South Cinder Peak

September 5, 2007

Great adventure! Hike began at the Cabot Lake Trailhead on the east side of the Mt. Jefferson Wilderness. The first, nearly two mile segment, went through an area of a major fire about five years ago. Vegetation is limited to fireweed, low shrubs of various kinds and lots of blacked, dead, trees. The Ponderosas are just beginning their comeback with the typical plant no more than a foot in height. Terrain in this section is relatively flat. We did not stop at Cabot Lake, which is just out of sight off the trail. The second, 2.8 mile, section of the trail then climbs steeply in a series of well constructed switchbacks before climbing more gradually on to Carl Lake. Forest is primarily hemlock with some true fir and spruce, the ponderosa having been left behind at Cabot. Carl is a truly beautiful Alpine lake, heavily forested except for steep cliffs on one side. The next 1.5 mile section proceeds pass Shirley Lake, also a beautiful alpine lake, but much smaller than Carl. The trail continues steeply up to the PCT, climbing along the side of a spectacular canyon. The trail to the Peak proceeds South on the PCT for less than a ¼ of a mile before turning West to the base of the Peak on an unmarked trail. A climb of the Peak appears formidable from the base, with a pitch of 15% or more. But it took only 15–20 minutes on a well defined trail. The view from the top made the climb more than worthwhile. A shifting, broken, cloud cover restricted the view to some extent. But Jeff. is close and presents a stunning view. We also had good views of such peaks as Jack and Washington; as well as the smoke from the Mt. Washington Wilderness fire.
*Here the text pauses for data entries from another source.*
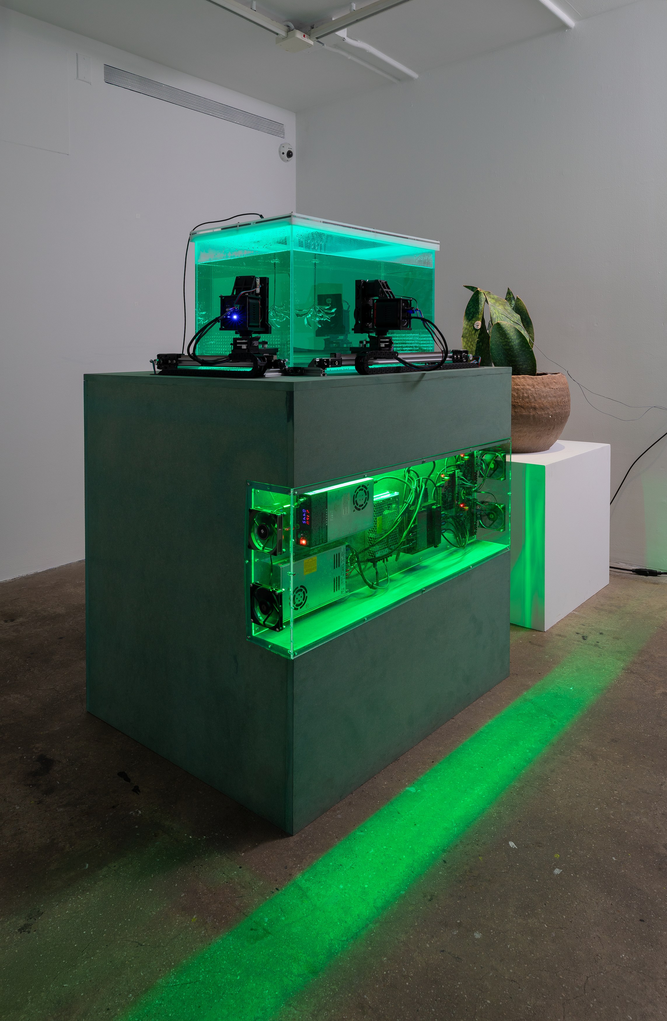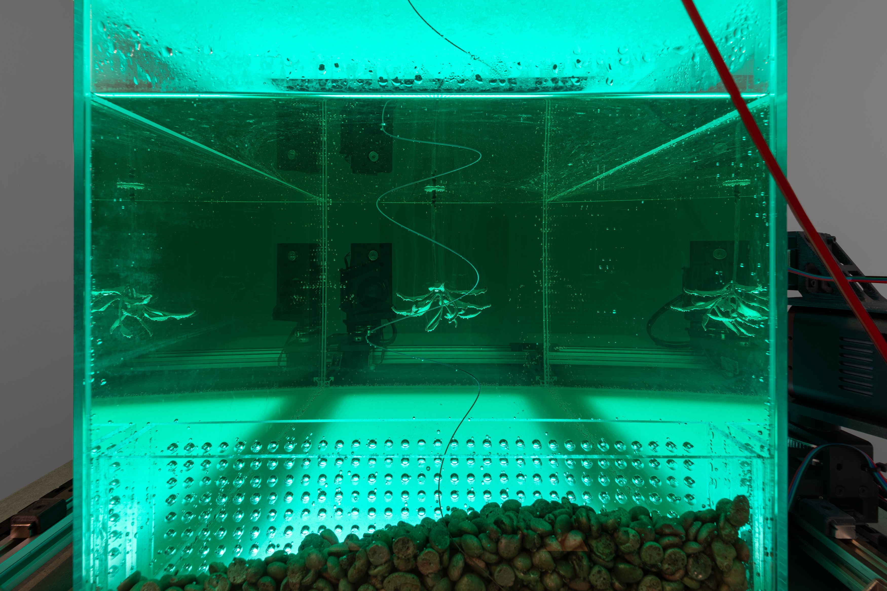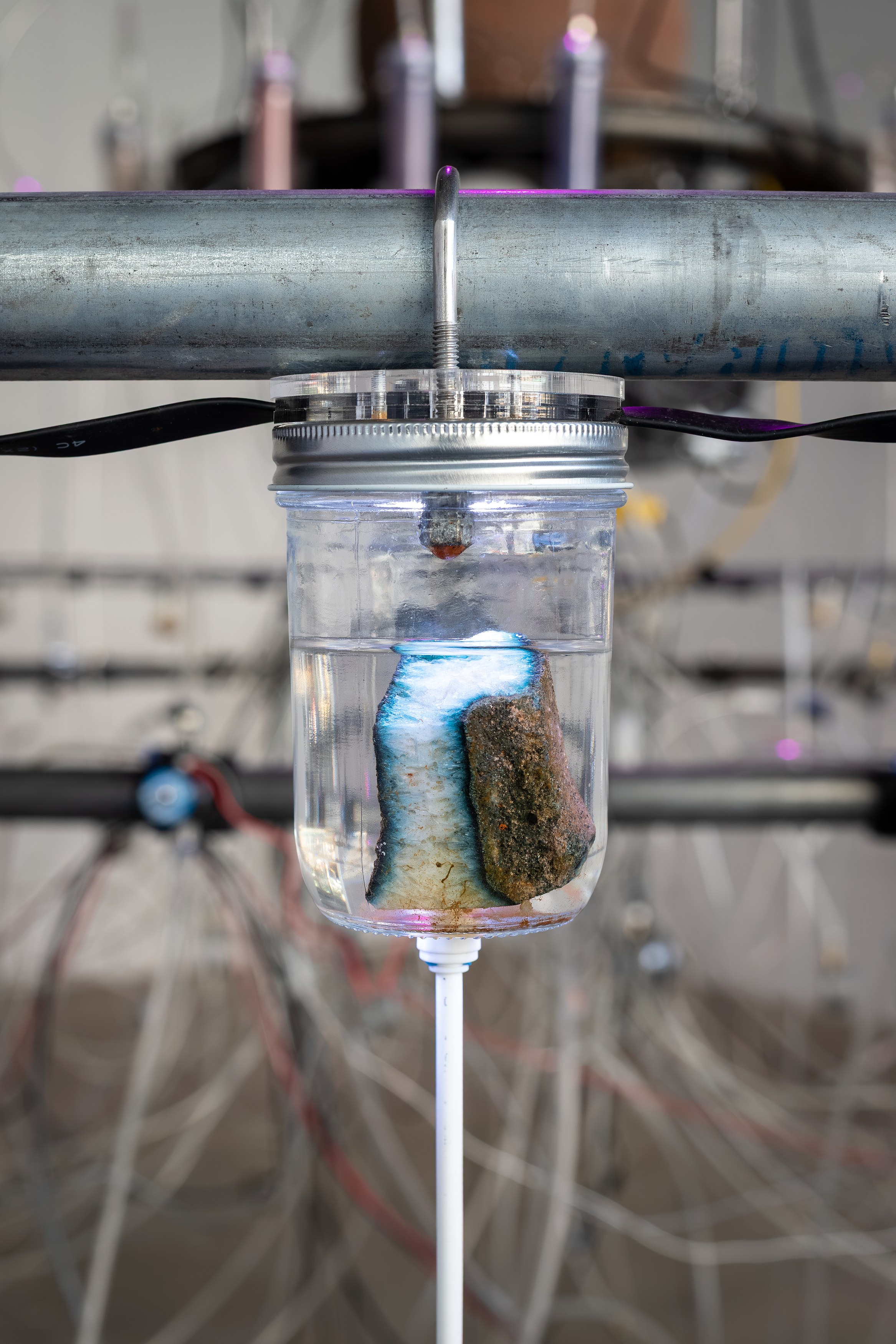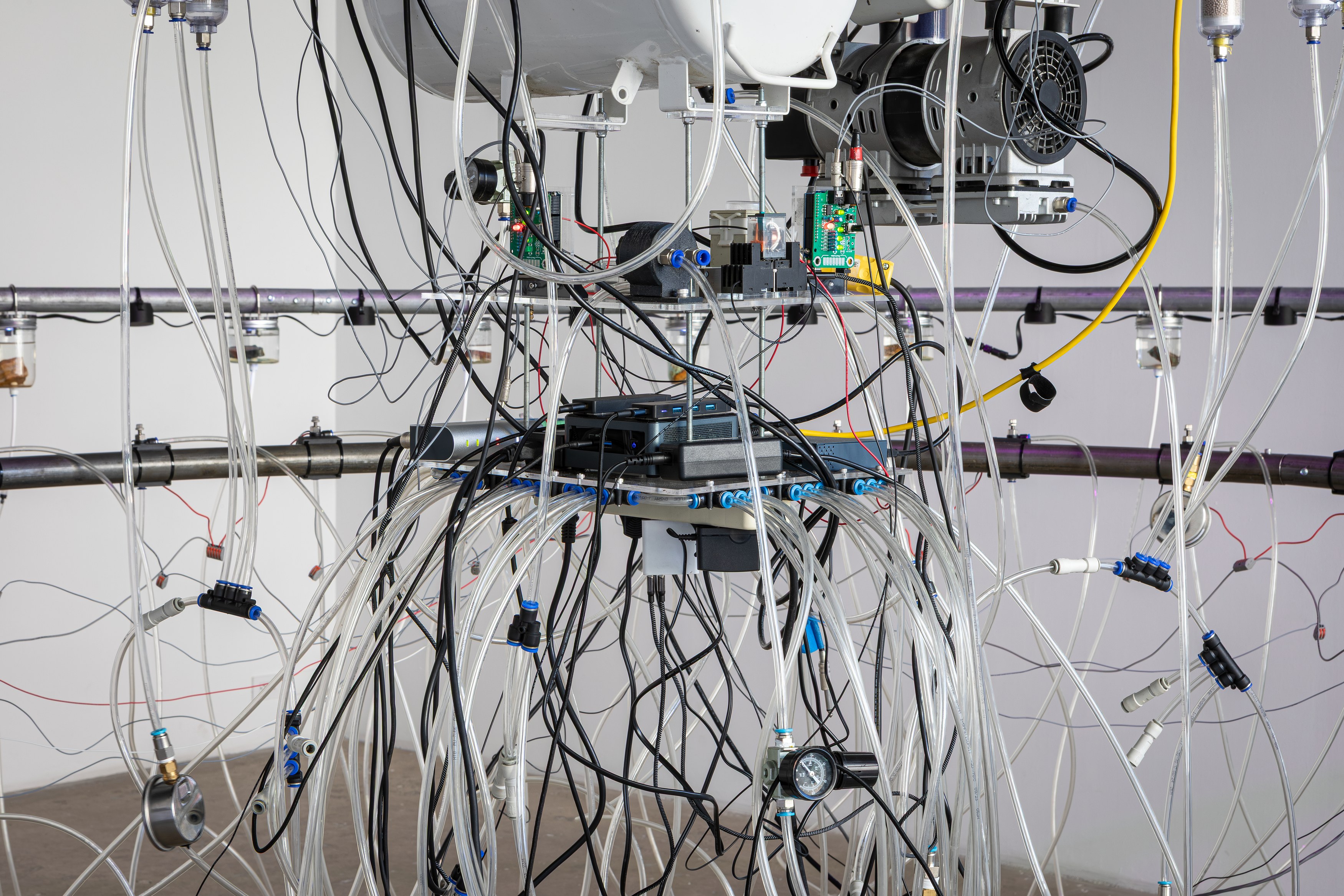 Swiss Institute (SI) is pleased to present the first institutional exhibition of Indonesian artist Bagus Pandega. Pandega’s work ingeniously addresses the extraction of natural resources in Indonesia—from the 16th century spice trade in nutmeg and cloves, to the palm oil industry, to the contemporary global demand for nickel used in batteries for computers, phones, and electric vehicles. Adopting a do-it-yourself, hacker approach, Pandega constructs modular systems using readily available, everyday technologies, natural materials such as plants and rare earth minerals, and musical instruments. These responsive installations are programmed to trigger mechanical and chemical reactions that generate sound or movement, influenced by changes in hyperlocal conditions such as human presence in the space.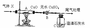 (1)若观察到A中黑色CuO变红,B中白色无水CuSO4变蓝,C中澄清石灰水无明显变化,则X可能是 ,A中发生反应的化学方程式为 ;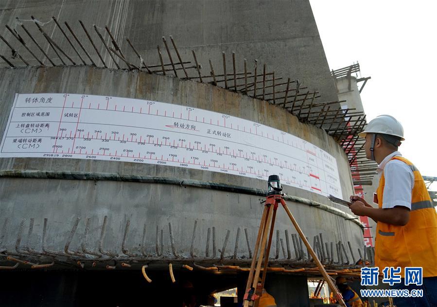 8月14日,中铁上海工程局集团的工作人员在转体施工现场测量转体角度。 新华社记者 李安摄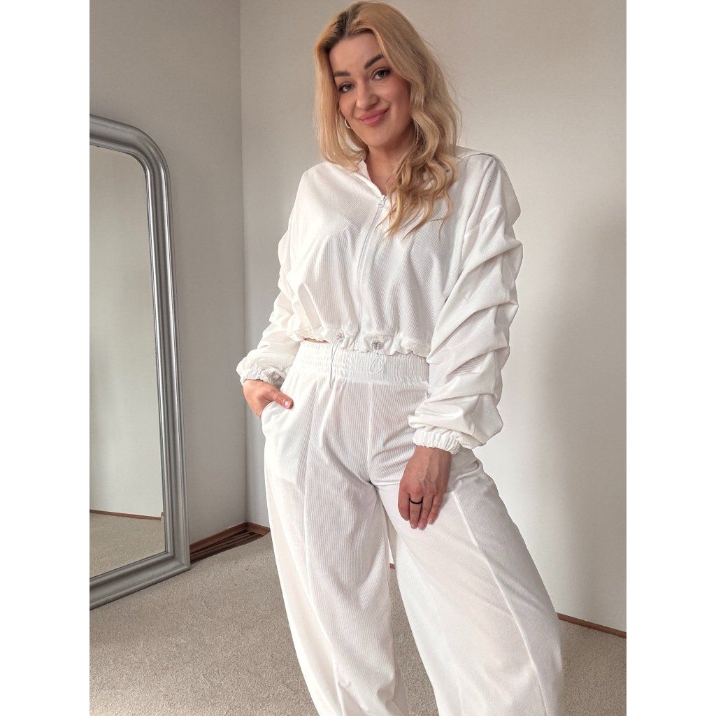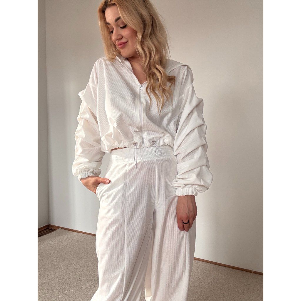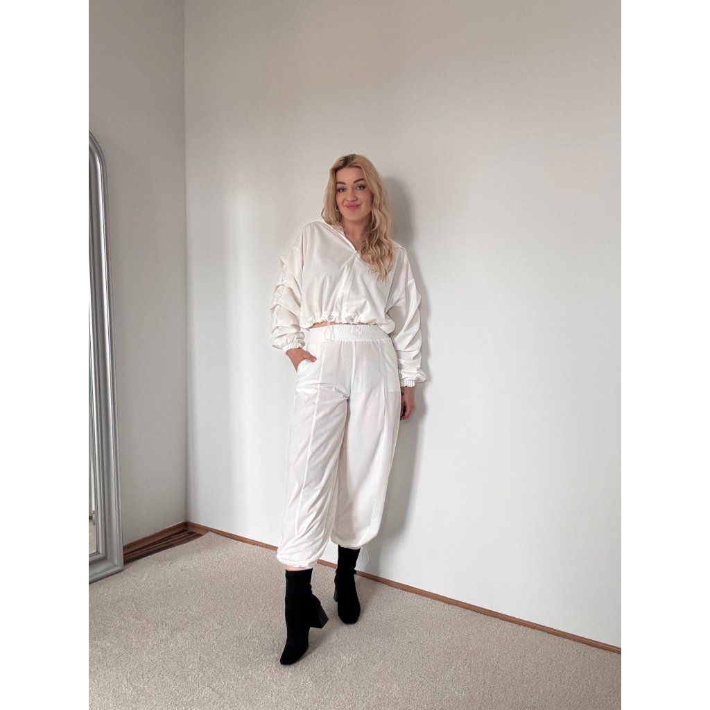 Pohodlný dámsky komplet pozostávajúci z nohavíc, ktore majú gumu v pase, vďaka ktorej sa krásne prispôsobia a mikiny s kapucňou. Materiál je veľmi kvalitný, príjemný a pohodlný.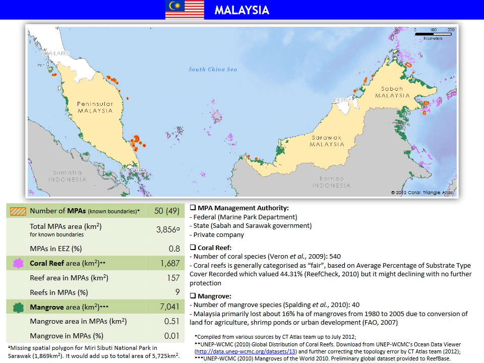 Marine Protected Areas are not a new concept for Malaysia. With a high concentration of biodiversity and islands supporting 1,687 square kilometers of reefs, Malaysia depends on the economic activity provided by fisheries. In the 1980s, areas around 22 islands were declared prohibited areas and later declared by law as marine parks.

After we scrambled down off the Peak, our real adventure started. We decided to take the loop back to Carl Lake which Sullivan describes in his hiking book. However, after hiking north on the PCT for close to two miles, we couldn’t find the junction. We couldn’t hike cross country (even though we could see the Lake) because of the cliffs overlooking the Lake. So we retraced our steps to the original junction. This meant adding two hours and approximately four additional miles to the hike. So, we arrived back at the trailhead just before dark (about 8 p.m.) with everyone seeming in good health and spirits, although not necessarily looking forward to a two hour drive home. Intrepid adventurers, all Obsidians, were LaRee Beckley, Brad Bennett (new), Dan Christensen, Dick Hildreth and Elle Weaver.